*** Opening Entries shown ***
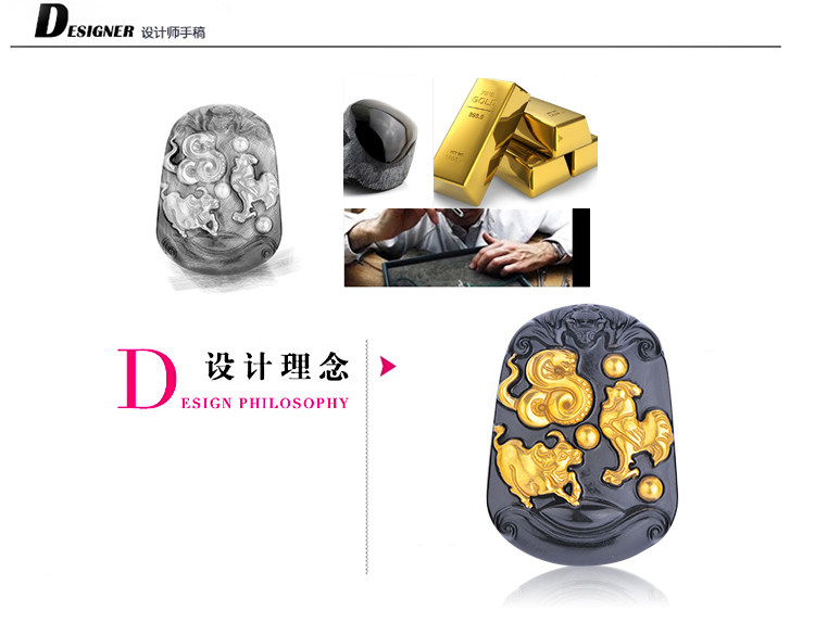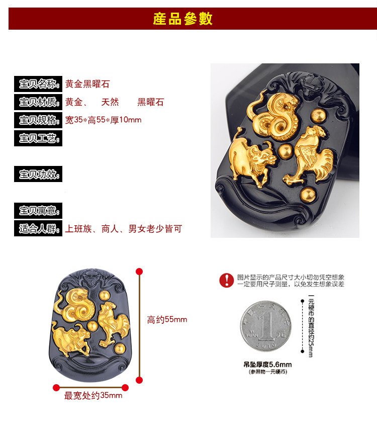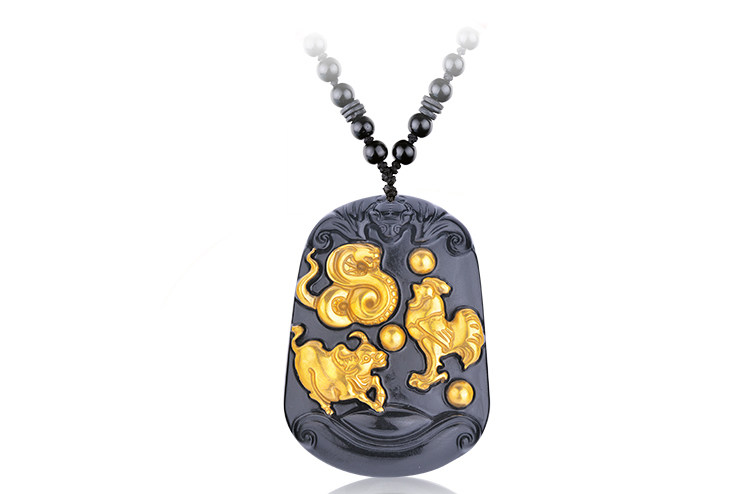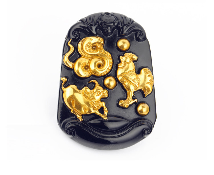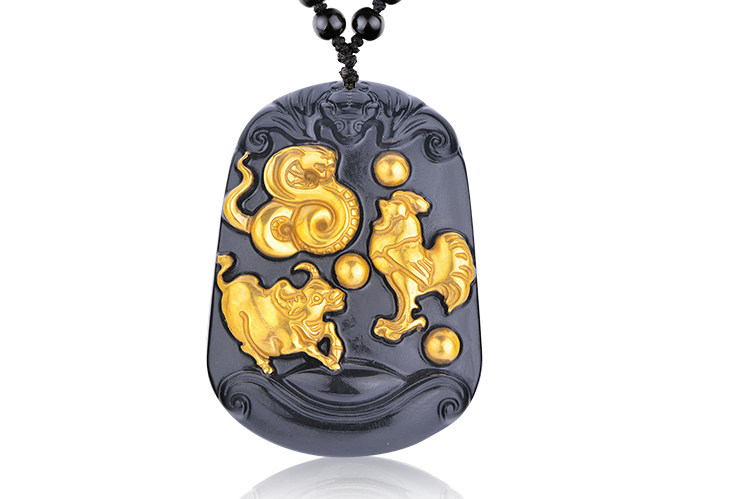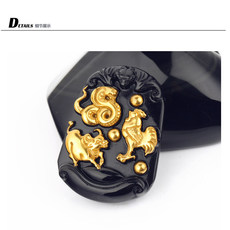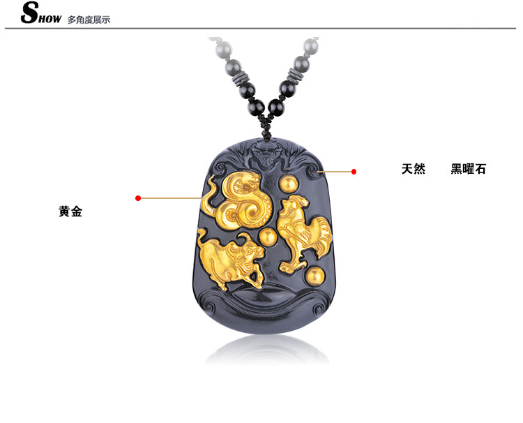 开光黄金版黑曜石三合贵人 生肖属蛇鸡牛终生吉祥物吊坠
*** Closing Entries shown ***
*** Opening Entries shown ***
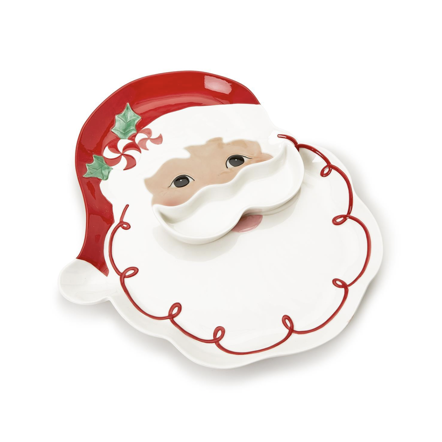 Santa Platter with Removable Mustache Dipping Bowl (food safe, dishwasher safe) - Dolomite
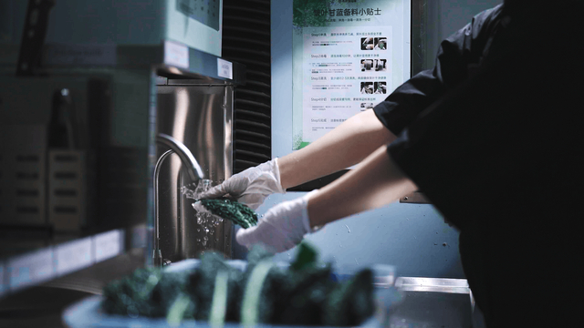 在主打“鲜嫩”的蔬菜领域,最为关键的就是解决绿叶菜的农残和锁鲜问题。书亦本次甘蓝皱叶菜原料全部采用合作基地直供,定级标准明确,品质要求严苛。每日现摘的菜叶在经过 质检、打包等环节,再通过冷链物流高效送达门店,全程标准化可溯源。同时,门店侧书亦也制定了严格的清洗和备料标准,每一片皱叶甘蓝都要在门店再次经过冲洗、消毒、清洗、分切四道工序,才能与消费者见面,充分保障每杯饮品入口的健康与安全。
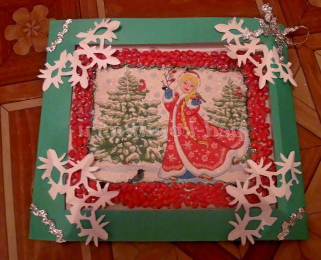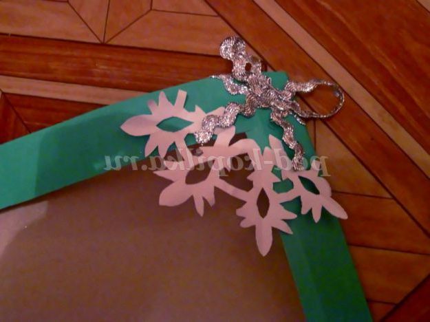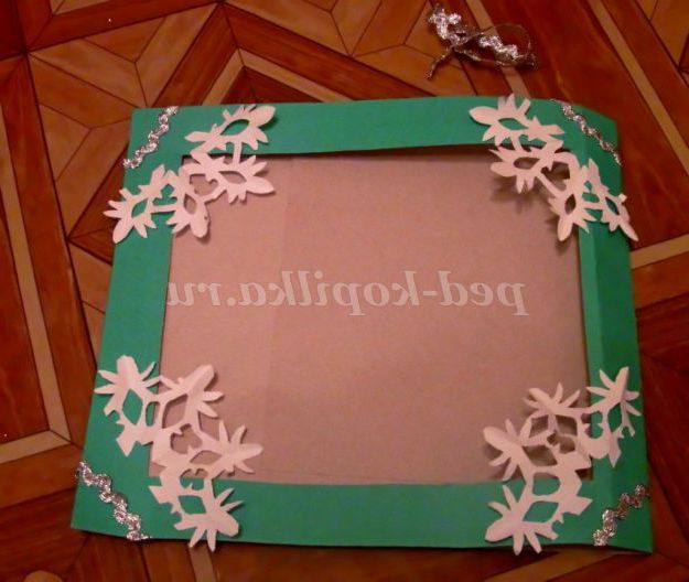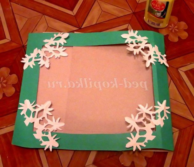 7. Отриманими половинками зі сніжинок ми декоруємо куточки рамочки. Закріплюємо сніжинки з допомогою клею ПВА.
*** Closing Entries shown ***
§ **What to work on**
From the records above, return exactly the lines running from the one that contains "Santa Platter with" down to the one that contains "7. Отриманими половинками", both included, without any pictures.

§ **Answer to the problem**
 Santa Platter with Removable Mustache Dipping Bowl (food safe, dishwasher safe) - Dolomite
 在主打“鲜嫩”的蔬菜领域,最为关键的就是解决绿叶菜的农残和锁鲜问题。书亦本次甘蓝皱叶菜原料全部采用合作基地直供,定级标准明确,品质要求严苛。每日现摘的菜叶在经过 质检、打包等环节,再通过冷链物流高效送达门店,全程标准化可溯源。同时,门店侧书亦也制定了严格的清洗和备料标准,每一片皱叶甘蓝都要在门店再次经过冲洗、消毒、清洗、分切四道工序,才能与消费者见面,充分保障每杯饮品入口的健康与安全。
 7. Отриманими половинками зі сніжинок ми декоруємо куточки рамочки. Закріплюємо сніжинки з допомогою клею ПВА.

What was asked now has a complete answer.